The Golden Era of Social Media


Convergent media has transformed our lives. Isolation and usually a one way communication model of mass media tend to be replaced by the power of interaction offered by social ones.
Videos, sounds and pictures awake our senses, while instant messaging, blogging, update information arise our emotions.
Actually, social media developers such as Chris Hughes a co finder of Facebook, identified these societal needs and focused their research on how to bring people together and ways to provide faster interaction.
Therefore, Kevin KC Lee argues, ‘the approach to social media should social not media’. That’s where public relations come along.
According to Duhe (2007:99), ‘public relations achieves organizational goals through developing relationships with publics’. 
Bearing that in mind, what approach should pr practitioners have?

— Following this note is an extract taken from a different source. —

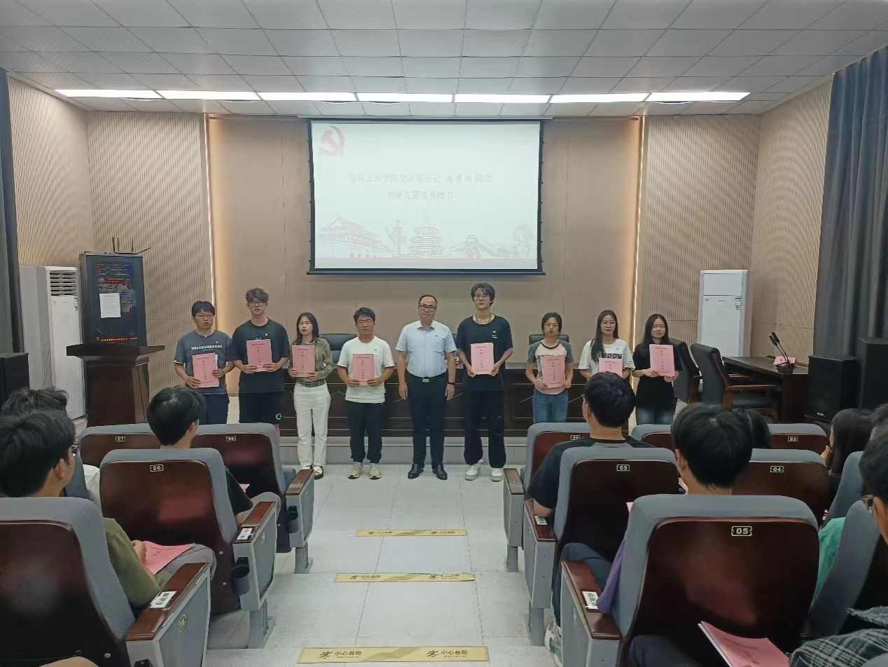 6月3日,信息工程学院在教5栋108报告厅举行2024年春季新发展党员的入党宣誓仪式。院党委副书记冯荣刚出席并讲话。学院学生党员教育管理中心负责同志主持。

First of all they should comprehend the reasons why users use a specific digital media platform, the reasons that make this medium of communication the most appropriate one, and then persuade the users on the added value of the experience.  Quoting Bilal Jaffery, “Anyone can tell you …the best practices for engaging Twitter. A strong strategist …. facilitates the translation of the brand into the social context, ultimately helping to deliver the transformation of the brand promise into a social brand state.”
However is this, the existing approach? I don’t think so. In the practitioner’s attempt to catch up with all the latest updates, the customer’s needs are ignored and not properly identified. Instead of focusing in specific social media platform, the notion for presence in all of them prevails. What’s more? Business models prevail that excuse privacy intrusion and mess up with our personal data. As a result, once you enter your social account, you get bombarded with things that don’t interest you, tire you off and sometimes even make you abandon the page you just logged.
Jaffery goes on commenting that a network that helps us find friends and share common interests is turning into a noisy and intrusive place. This is undoubtetly the Golden Era of social media, but is this era on an edge?    


      

3 comments:

JMan said...
This comment has been removed by the author.
Anonymous said...

I agree that companies often over-communicate. I think that one mistake that is often made is thinking of social media as a strategy in itself. I seems that people lose sight of their business strategy and, as you say, try to be on all platforms. How do you help your senior management avoid this?

Anonymous said...

i also think it's important to comprehend the reasons why you as a pr practitioner should use specific digital media platforms. some platforms might be more suitable than other for your purpose, and in that case it's more important to focus on those platforms. otherwise you just end up with a lot of accounts that never are used, which could have the opposite affect since people will think you are not engaging.